The scene then moves to World War II, where it talks about the United States continuing to amass gold from weapons sales. It then talks about how this led to the Bretton Woods Conference and its resultant system, which then-President Richard Nixon nullified amidst the Vietnam War. With fractional-reserve banking now under the Federal Reserve system, money printing became more rampant, allowing banks to create bank credits against loan contracts such as mortgages.

The film then explains how interest works through the United States Department of the Treasury using bonds to print money and promising to pay it with a set amount of interest where the federal reserve buys these bonds via private banks where when the transaction is completed, federal reserve notes are then printed. The film goes on to question the legitimacy of the money and its backing, which goes into the next topic of how oil is used as a commodity to back the dollar under the guise of OPEC using petrocurrency through petrodollar recycling known as the Petrodollar System which in turn causes a cycle of money printing and exporting that goes back to oil-producing countries like Saudi Arabia who then sell the oil for U.S. dollars and then buys other commodities using it.

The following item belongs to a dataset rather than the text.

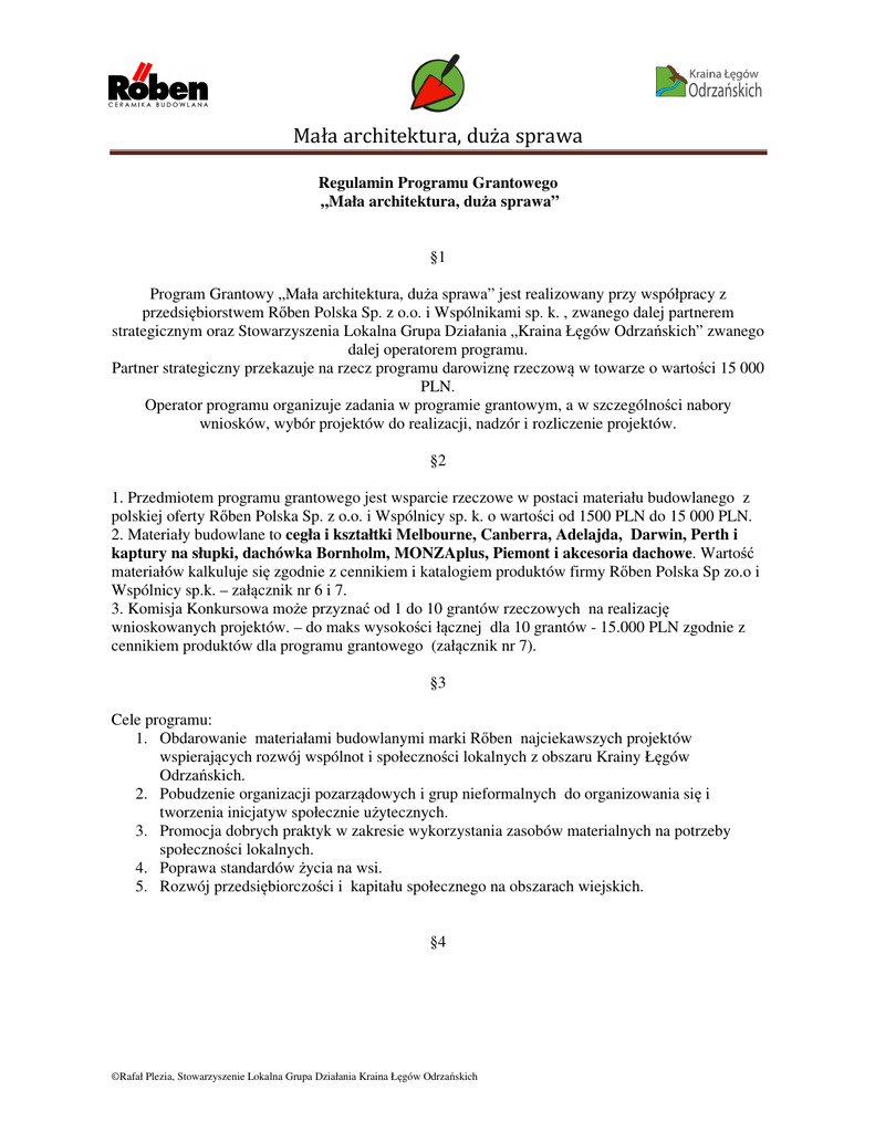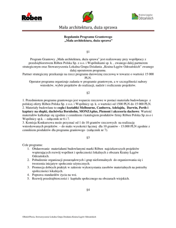 Mała architektura, duża sprawa Regulamin Programu Grantowego „Mała architektura, duża sprawa” §1 Program Grantowy „Mała architektura, duża sprawa” jest realizowany przy współpracy z przedsiębiorstwem Rőben Polska Sp. z o.o. i Wspólnikami sp. k. , zwanego dalej partnerem strategicznym oraz Stowarzyszenia Lokalna Grupa Działania „Kraina Łęgów Odrzańskich” zwanego dalej operatorem programu. Partner strategiczny przekazuje na rzecz programu darowiznę rzeczową w towarze o wartości 15 000 PLN. Operator programu organizuje zadania w programie grantowym, a w szczególności nabory wniosków, wybór projektów do realizacji, nadzór i rozliczenie projektów. §2 1. Przedmiotem programu grantowego jest wsparcie rzeczowe w postaci materiału budowlanego z polskiej oferty Rőben Polska Sp. z o.o. i Wspólnicy sp. k. o wartości od 1500 PLN do 15 000 PLN. 2. Materiały budowlane to cegła i kształtki Melbourne, Canberra, Adelajda, Darwin, Perth i kaptury na słupki, dachówka Bornholm, MONZAplus, Piemont i akcesoria dachowe. Wartość materiałów kalkuluje się zgodnie z cennikiem i katalogiem produktów firmy Rőben Polska Sp zo.o i Wspólnicy sp.k. – załącznik nr 6 i 7. 3. Komisja Konkursowa może przyznać od 1 do 10 grantów rzeczowych na realizację wnioskowanych projektów. – do maks wysokości łącznej dla 10 grantów - 15.000 PLN zgodnie z cennikiem produktów dla programu grantowego (załącznik nr 7). §3 Cele programu: 1. Obdarowanie materiałami budowlanymi marki Rőben najciekawszych projektów wspierających rozwój wspólnot i społeczności lokalnych z obszaru Krainy Łęgów Odrzańskich. 2. Pobudzenie organizacji pozarządowych i grup nieformalnych do organizowania się i tworzenia inicjatyw społecznie użytecznych. 3. Promocja dobrych praktyk w zakresie wykorzystania zasobów materialnych na potrzeby społeczności lokalnych. 4. Poprawa standardów życia na wsi. 5. Rozwój przedsiębiorczości i kapitału społecznego na obszarach wiejskich. §4 ©Rafał Plezia, Stowarzyszenie Lokalna Grupa Działania Kraina Łęgów Odrzańskich Mała architektura, duża sprawa 1. Obszar objęty programem to 12 gmin wchodzących w skład Lokalnej Grupy Działania „Kraina Łęgów Odrzańskich”- Brzeg Dolny, Miękinia, Wołów, Środa Śląska, Malczyce, Prochowice, Ścinawa, Wińsko, Jemielno, Pęcław, Rudna, Głogów (gm. wiejska). 2. Do składania wniosków uprawnione są podmioty mające siedzibę i realizujące swoje działania na terenie ww. gmin. 3. Działania uwzględnione w projekcie rozpoczną się od 1 czerwca 2012r i zakończą 30 listopada 2012r. §5 Podmioty uprawnione do składania wniosków na granty rzeczowe: 1. Organizacje pozarządowe wpisane do Krajowego Rejestru Sądowego lub kluby sportowe wpisane do rejestru starosty. 2. Grupy nieformalne i rady sołeckie, w imieniu których działa podmiot posiadający osobowość prawną (np. organizacja pozarządowa wpisana do KRS lub instytucja publiczna: przedszkole, szkoła, instytucja kultury, biblioteka publiczna, ośrodek pomocy społecznej, ośrodki sportu i rekreacji) 3. Parafie i organizacje katolickie posiadające osobowość prawną, działające w oparciu o ustawę o stosunku Państwa do Kościoła Katolickiego w Rzeczypospolitej Polskiej. Cele statutowe wnioskodawcy mieszczą się w zakresie określonym w art. 4 ustawy z dnia 24.04.2003r. , o działalności pożytku publicznego i o wolontariacie, a wniosek jest realizowany w ramach minimum jednego z tych celów. §6 W ramach programu nie będą wspierane: 1. projekty, na których realizację nie ma zgody właściciela gruntu. 2. projekty i działania już zrealizowane, 3. działania o charakterze politycznym, 4. działania na działkach osób fizycznych, z wyłączeniem tych, na które jest umowa z wnioskodawcą zapewniająca minimum 5 letnie użytkowanie gruntu na cele związane z realizacją projektu w Programie Grantowym „Mała architektura, duża sprawa”. §7 Tryb wyboru projektów do realizacji 1. Nabór wniosków ogłasza operator programu w porozumieniu z partnerem strategicznym. Oficjalne ogłoszenia o programie są umieszczane na stronach internetowych www.lgdodra.pl oraz www.roben.pl. 2. Informacji o programie grantowym udziela: Stowarzyszenie Lokalna Grupa Działania „Kraina Łęgów Odrzańskich” Plac Kopernika 6, 59-230 Prochowice, email: [email protected], tel. 76/ 858 45 45 lub 509 34 71 89 ©Rafał Plezia, Stowarzyszenie Lokalna Grupa Działania Kraina Łęgów Odrzańskich Mała architektura, duża sprawa 3. Informacji o wskazanych w §2 materiałach i technologii udziela Rőben Polska Sp. z o.o. i Wspólnicy sp. k., ul. Rakoszycka 2, 55-300 Środa Śląska, tel. 071 397 81 15, e-mail [email protected]. 4. Nabór wniosków projektowych trwa od dnia 22.03.2012 r. do dnia 15.05.2012r. do godziny 16.00. Wnioski można dostarczyć osobiście lub za pomocą poczty lub firmy kurierskiej. Liczy się data wpływu wniosku do biura operatora programu, Stowarzyszenie Lokalna Grupa Działania „Kraina Łęgów Odrzańskich”, Plac Kopernika 6, 59-230 Prochowice. UWAGA: nie liczy się data stempla pocztowego. 5. W pierwszej kolejności wnioski oceniane są pod względem formalnym. Każdy wniosek zostaje poddany ocenie zgodnie z kartą oceny formalnej, prowadzonej przez pracownika operatora programu. Ocena formalna trwa do 10 dni od dnia zakończenia naboru wniosków. Wyniki oceny formalnej zostaną opublikowane na stronie www.lgdodra.pl. 6. Wnioski, które przeszły ocenę formalną poddawane są ocenie merytorycznej przez komisję konkursową, która dokonuje ich oceny i wyboru do 30 dni od dnia zakończenia naboru wniosków. Wyniki oceny merytorycznej będą poddane do publicznej wiadomości. Komisja konkursowa wskazuje wnioski do podpisania umowy. Wyniki oceny merytorycznej zostaną opublikowane na stronie WWW.lgdodra.pl i WWW.roben.pl §8 1. Kryteria oceny formalnej określa niniejszy regulamin. Negatywną ocen

The film continues to talk about the petrodollar system and how it caused the United States to spend more money then it had, it referenced the United States Deficit report of 2014 and how the United States earned $3 trillion but had to spend $3.5 trillion in expenses, causing a $500 billion difference, and to pay off the debt the United States uses bonds to borrow the extra money to pay off these debts through what is called deficit spending and is enabled through the petrodollar system.

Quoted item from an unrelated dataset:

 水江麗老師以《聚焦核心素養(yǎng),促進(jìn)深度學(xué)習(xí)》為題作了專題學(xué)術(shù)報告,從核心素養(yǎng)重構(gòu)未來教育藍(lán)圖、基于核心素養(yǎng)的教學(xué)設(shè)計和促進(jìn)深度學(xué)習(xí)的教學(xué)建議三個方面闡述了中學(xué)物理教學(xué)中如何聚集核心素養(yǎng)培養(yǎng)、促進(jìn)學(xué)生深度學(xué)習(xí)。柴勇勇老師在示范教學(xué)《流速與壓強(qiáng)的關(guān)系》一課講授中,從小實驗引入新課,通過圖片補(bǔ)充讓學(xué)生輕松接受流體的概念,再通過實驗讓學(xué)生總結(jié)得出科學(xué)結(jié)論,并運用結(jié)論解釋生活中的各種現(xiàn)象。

The film then threatens the United States, saying it will "be destroyed on the same foundation upon which it was established", and talks about how the United States runs on an "interest system" where if U.S. dollars are constantly used to pay off debts owed to the United States, the financial base of it would not exist and how Russia and China both show willingness to "strategically attack the petrodollar system and bond market". Afterwards, the film talks about how the establishment of the Islamic State and its foundation "upon faith" would attack the economy of the United States and then talks about the establish of the Islamic State gold dinar and how, through the control of both Syrian and Iraq oil fields, would only sell them for gold and silver.

At the end of the film, the Islamic State member Lavdrim Muhaxheri, who goes by the nom de guerre Abu Abdallah al-Kosovi, explains how the Islamic State doesn't fight for wealth or land but only fights in, what they call, "righteous jihad" and "jihad for the sake of Allah" which transitions into a music video for the nasheed "For the Sake of Allah", produced by the Al-Hayat Media Center.